GIVEN DATA:
• • • • •

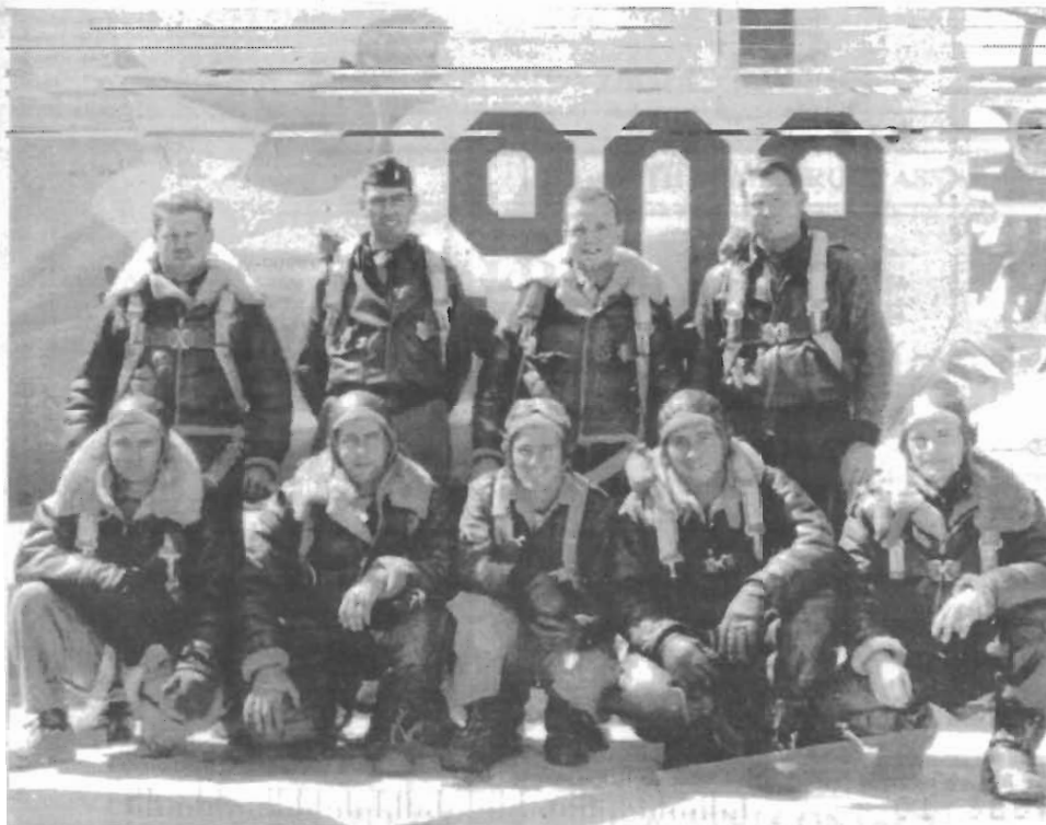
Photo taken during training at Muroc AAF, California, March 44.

• • • • •

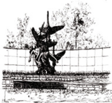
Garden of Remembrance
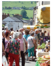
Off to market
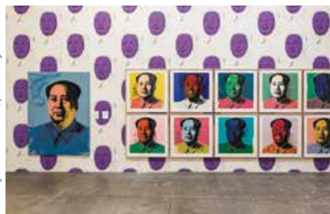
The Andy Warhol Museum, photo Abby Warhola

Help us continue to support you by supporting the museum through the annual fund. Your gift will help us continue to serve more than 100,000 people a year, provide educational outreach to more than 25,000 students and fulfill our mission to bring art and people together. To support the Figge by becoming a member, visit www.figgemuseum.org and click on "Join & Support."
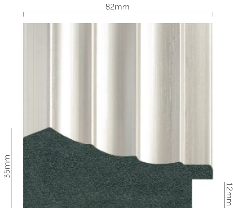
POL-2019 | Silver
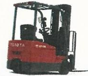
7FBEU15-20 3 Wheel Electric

• • • • •

TO DO:
Transcribe only this stretch of the data: the line with "Help us continue to support", the line with "7FBEU15-20 3 Wheel Electric", and every line in between. Leave out the pictures.

RESULT:
Help us continue to support you by supporting the museum through the annual fund. Your gift will help us continue to serve more than 100,000 people a year, provide educational outreach to more than 25,000 students and fulfill our mission to bring art and people together. To support the Figge by becoming a member, visit www.figgemuseum.org and click on "Join & Support."
POL-2019 | Silver
7FBEU15-20 3 Wheel Electric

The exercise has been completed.